_Work to complete_:
In the listing below, locate the line with "海關版權及商標調查科版權及商" and the line with "Para os casais", then output both and everything between them exactly, minus any pictures.
Records shown START
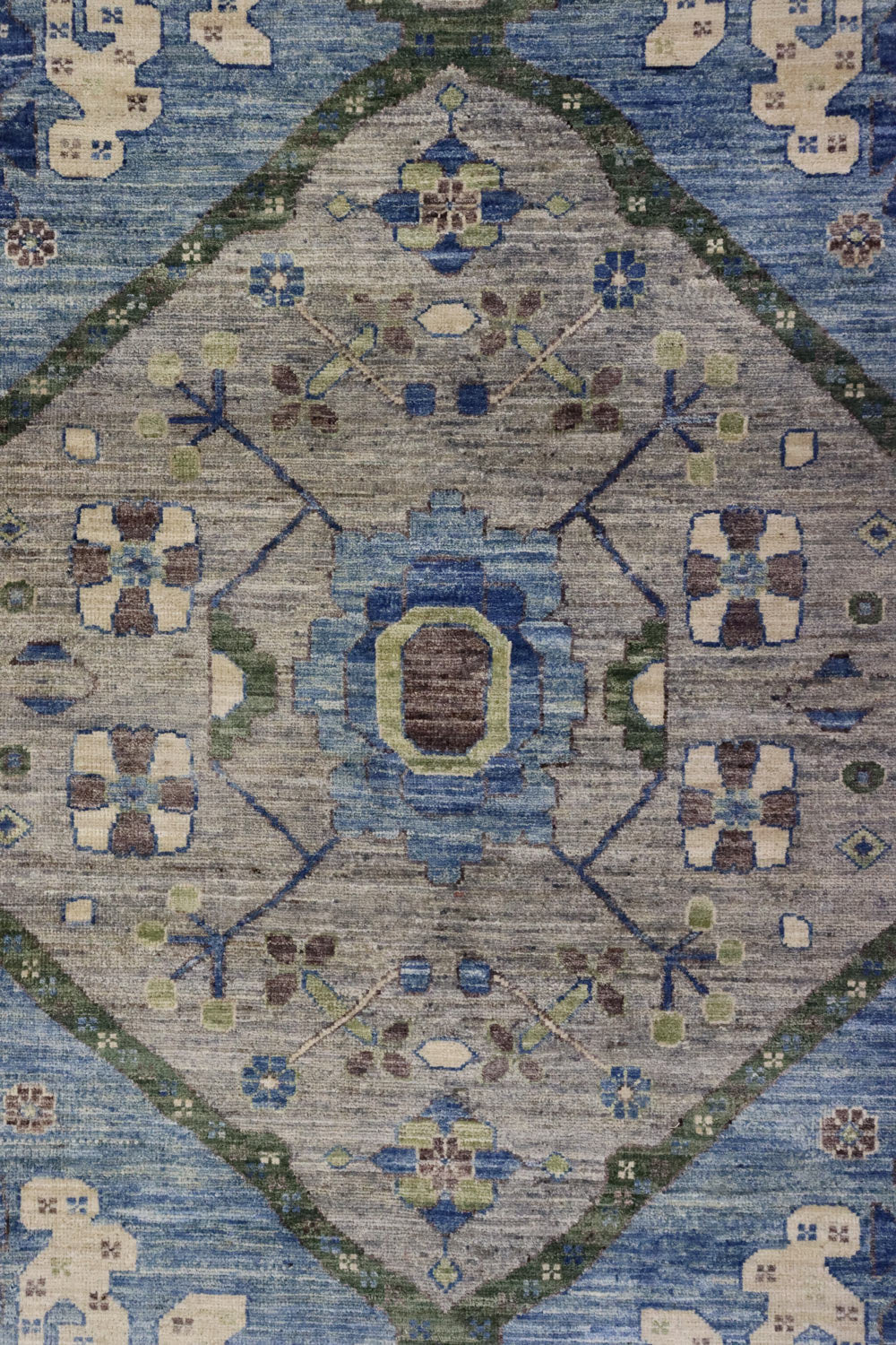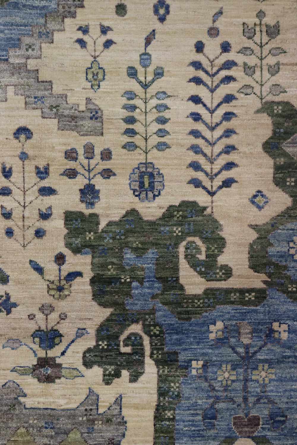 Introducing our exquisite Afghani rug, boasting a captivating Bakshaish design. This tribal-style masterpiece showcases a stunning blue background, gracefully adorned with an ivory border.
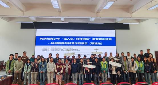 【本网讯】为推动航空科技知识普及,培养青少年科学素养与创新能力,2025年6月23日下午,在历经四天扎实的“无人机+科技创新”教育培训后,阿坝州青少年科创竞赛与科普作品展示活动在热烈氛围中顺利开展。来自壤塘县中学等多所学校的师生团队,携精心制作的科创作品齐聚一堂,共赴这场充满科技魅力的盛会。
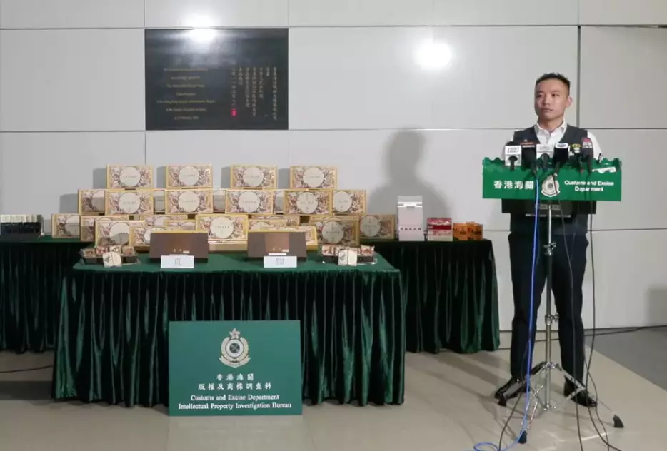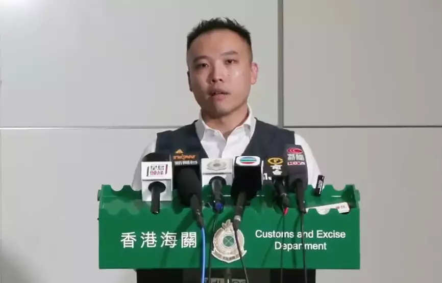 海關版權及商標調查科版權及商標一般調查組調查主任何高節向傳媒講述案件詳情。香港海關FB
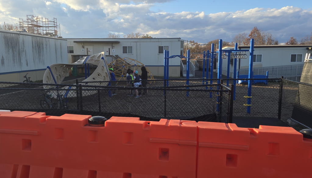BMP is temporarily overcrowded due to an ongoing renovation and expansion project. As a result, all third-graders and some administration offices are in trailers, there are no athletic fields, and parking is limited.
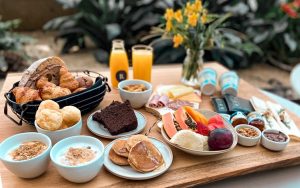 Para os casais que querem presentear sem sair de casa, a aposta fica para a Cesta de Café da Manhã do Renaissance São Paulo Hotel, repleta de: panquecas artesanais, pão de queijo, tábua de queijos e frios; mini bolo, iogurte, granola, Bircher Muesli (também conhecida como granola suíça, feita com com leite, aveia, banana, banana passa e melado de cana com iogurte), morangos com chocolate, salada de frutas frescas da estação, frutas secas, mel, manteigas, geleias, cream cheese e Nutella. O presente acompanha, ainda, cesta de pães com muffins de cenoura com chocolate, croissants recheados, Levain, café pessegueiro (drip coffee), suco integral e uma garrafa de Freixenet (R$ 350,00/ serve duas pessoas).
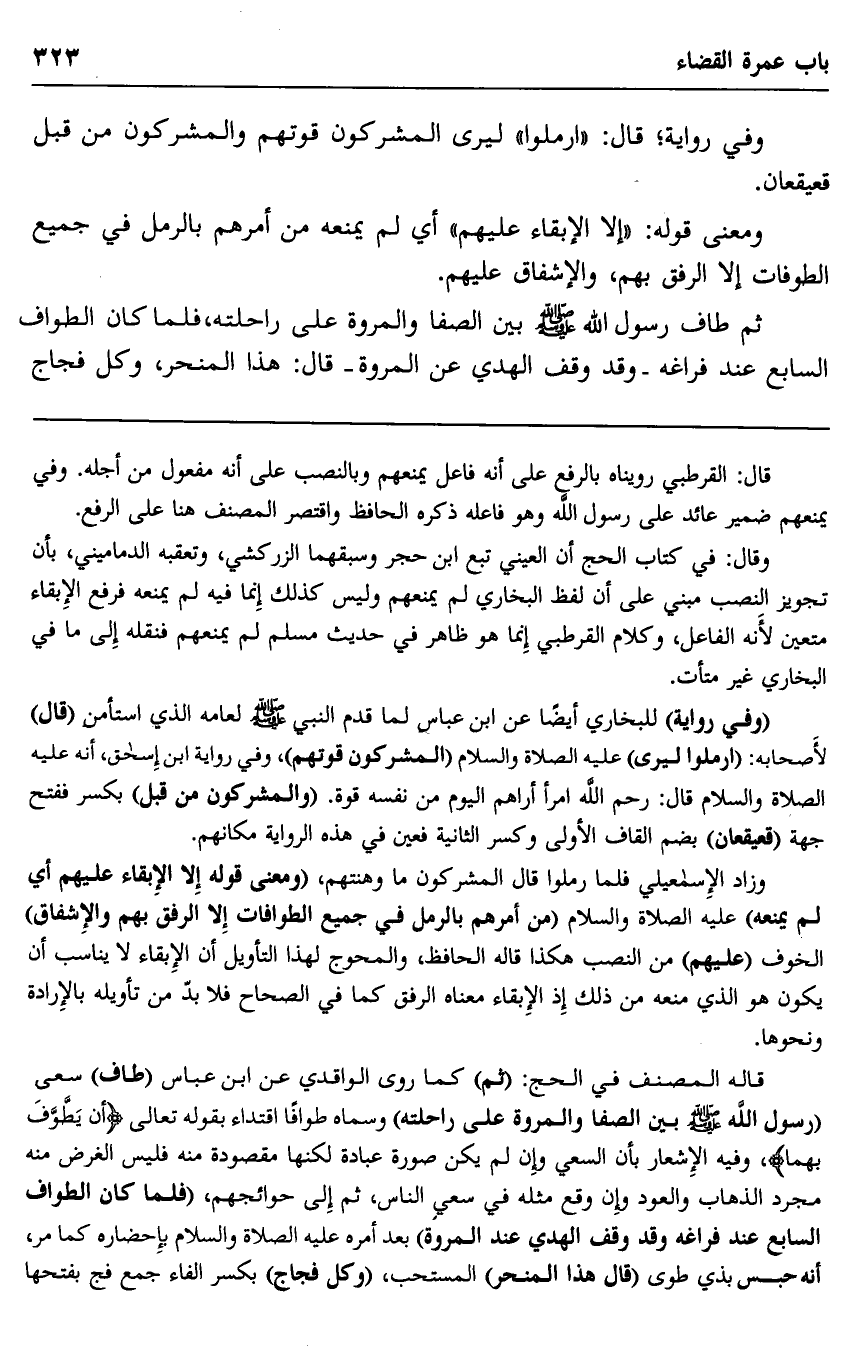 ومعنى قوله: "إلا الإبقاء عليهم" أي لم يمنعه من أمرهم بالرمل في جميع الطوفات إلا الرفق بهم، والإشفاق عليهم.
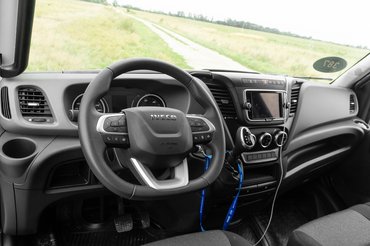 A fejegység a Jeepekből is ismerős rendszer volt, Tomtom navigációval, viszont annak teherautós változatával. Így teher-módban meg lehet adni a méreteket, súlyt és ADR adatokat, és útvonaltervezésnél ezt figyelembe veszi. Mivel 5 tonna alatti tömeget nem lehetett megadni, így menet közben párszor szólt, hogy tiltott útvonalon haladok. Nem mellesleg ekkor a sebességlimitet se lehet 100 km/h fölé emelni. Az autó rendelkezett tolatókamerával, ami menet közben is kapcsolható, így tükörként is használható. Az oldalsó tükrökre sem volt panasz, igaz, az alsó elem nem mozgatható, de így is jól be lehetett látni a kocsi mögötti, melletti területet.
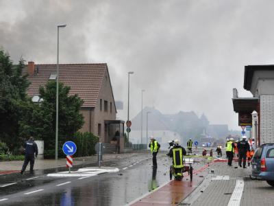 Ein Teil des Gebäudes stürzte ein. In anliegenden Häusern gingen den Angaben zufolge Fensterscheiben zu Bruch. Hochgeschleuderte, faustgroße Steine übersäten im Umkreis von 100 Metern die Straße. Das Haus habe in Flammen gestanden, sagte die Sprecherin. Ein Rauchpilz stieg 100 Meter hoch in den Himmel. Auf einem benachbarten Grundstück begrub ein einstürzender Carport mehrere Autos. Daneben standen Bäume in Flammen. Zwei Nachbarhäuser wurden evakuiert. Insgesamt waren 150 Rettungskräfte im Einsatz.
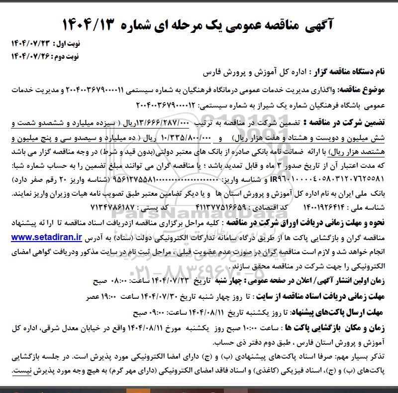 موضوع مناقصه : واگذاری مدیریت خدمات عمومی درمانگاه فرهنگیان به شماره سیستمی 2004003679000011 و مدیریت خدمات عمومی باشگاه فرهنگیان شماره یک شیراز به شماره سیستمی 2004003679000012
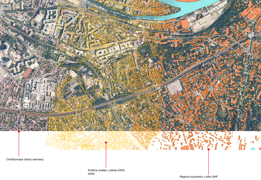 Ta mapa zawiera obraz rastrowy (fotografię), dane budynków zapisane w pliku SHP i dane działek zapisane w pliku DWG.
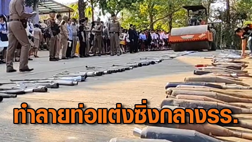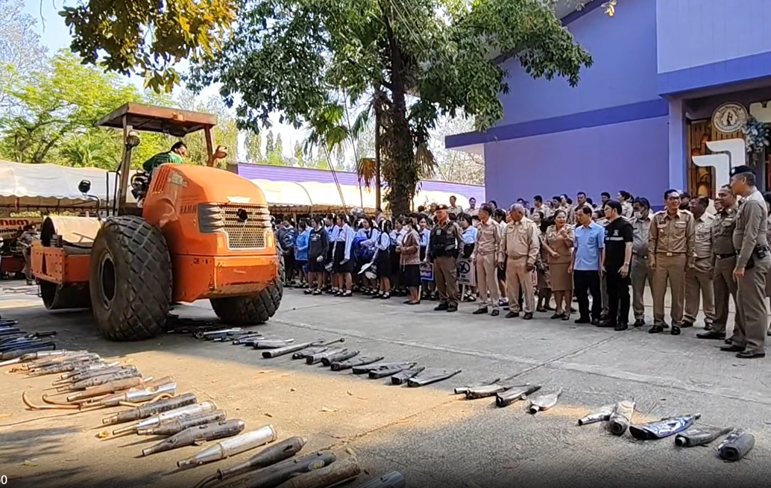 ตำรวจเมืองโคราช ขนท่อไอเสียจักรยานยนต์แต่งซิ่งกว่า 200 ชิ้น ที่สร้างความเดือดร้อนรำคาญให้กับชาวบ้าน มาทำลายกลางโรงเรียนมัธยม หวังสร้างสำนึก หยุดความคึกคะนองวัยรุ่น
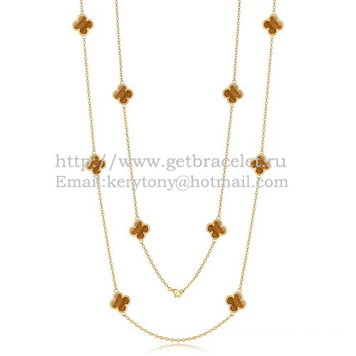 Naszyjnik Van Cleef Arpels Alhambra z żółtego złota, 10 motywów z masą perłową tygrysiego oka
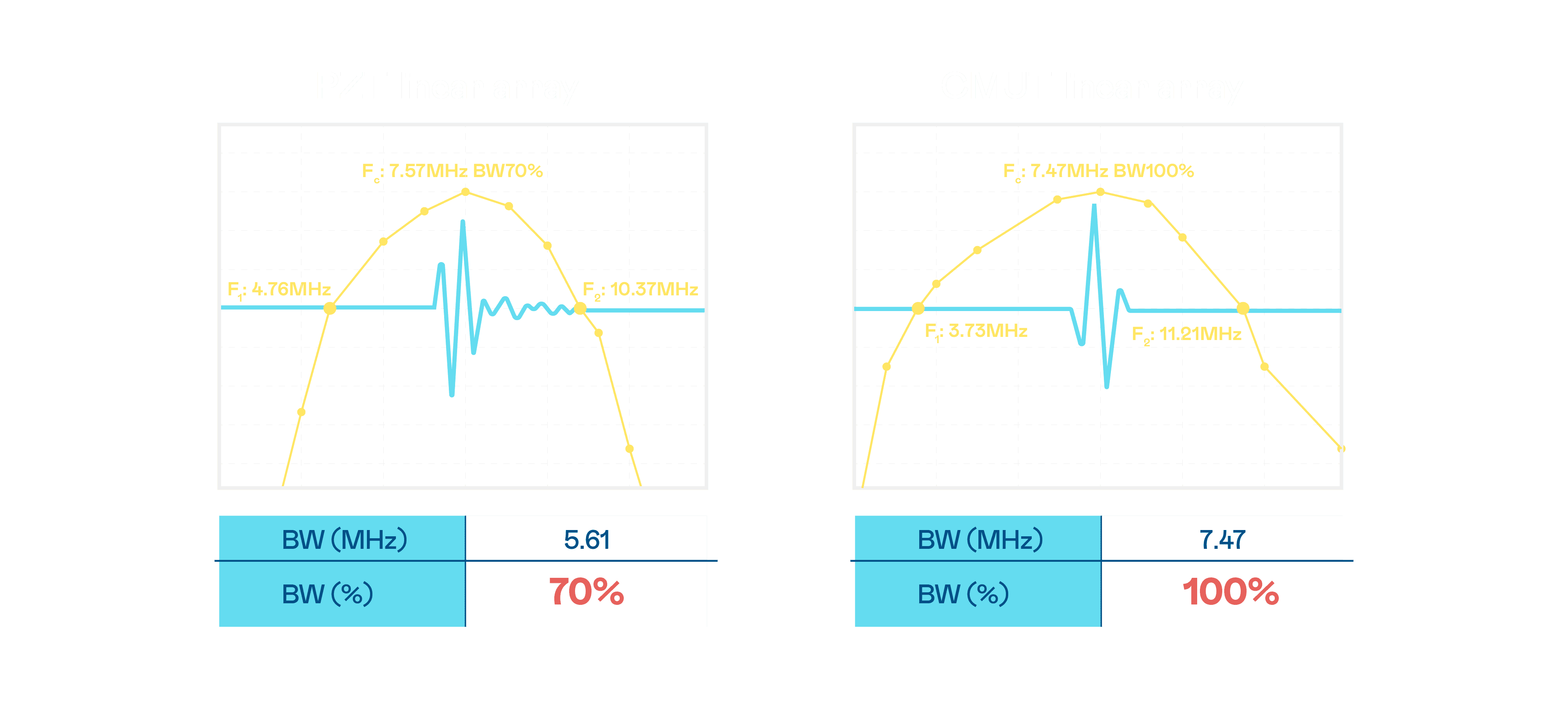 超音波影像的解析度高低,,,,首先取决于探头能发出的讯号频宽。。尊龙集团 CMUT 可提供高清晰的超音波讯号,,,,提供高频宽、、、、高灵敏度、、、、影像纹理细节更高的超音波影像,,协助医护人员缩短影像判读时间及利用精准的医疗影像进行诊断。。。
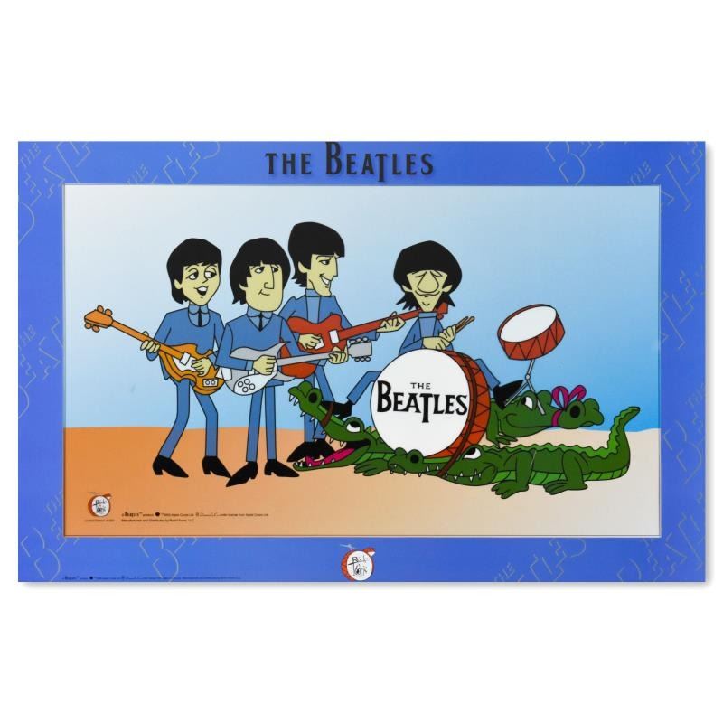 "Mop Tops and Crocs" is a limited edition sericel inspired by The Beatles Saturday Morning Cartoon series. This piece is from an edition of 500. This piece comes matted. Includes Certificate of Authenticity. Measures approx. 28" x 18" (matting), 24" x 14" (image).
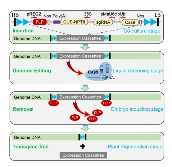 本研究是基于前期建立的CRISPR/Cas9基因组编辑技术,进一步在香蕉中建立了高效的无转基因残留基因组编辑技术体系。通过将基因组编辑元件和基因清除元件整合在同一载体上,以香蕉胚性悬浮系为受体材料,进行农杆菌介导的遗传转化,能实现在靶位点发生基因组编辑后对引入的功能基因成分进行删除,整个过程无需进行额外处理。此技术体系的建立为香蕉基因组编辑技术的产业应用奠定了基础。
Records shown END
_Written solution_:
 海關版權及商標調查科版權及商標一般調查組調查主任何高節向傳媒講述案件詳情。香港海關FB
BMP is temporarily overcrowded due to an ongoing renovation and expansion project. As a result, all third-graders and some administration offices are in trailers, there are no athletic fields, and parking is limited.
 Para os casais que querem presentear sem sair de casa, a aposta fica para a Cesta de Café da Manhã do Renaissance São Paulo Hotel, repleta de: panquecas artesanais, pão de queijo, tábua de queijos e frios; mini bolo, iogurte, granola, Bircher Muesli (também conhecida como granola suíça, feita com com leite, aveia, banana, banana passa e melado de cana com iogurte), morangos com chocolate, salada de frutas frescas da estação, frutas secas, mel, manteigas, geleias, cream cheese e Nutella. O presente acompanha, ainda, cesta de pães com muffins de cenoura com chocolate, croissants recheados, Levain, café pessegueiro (drip coffee), suco integral e uma garrafa de Freixenet (R$ 350,00/ serve duas pessoas).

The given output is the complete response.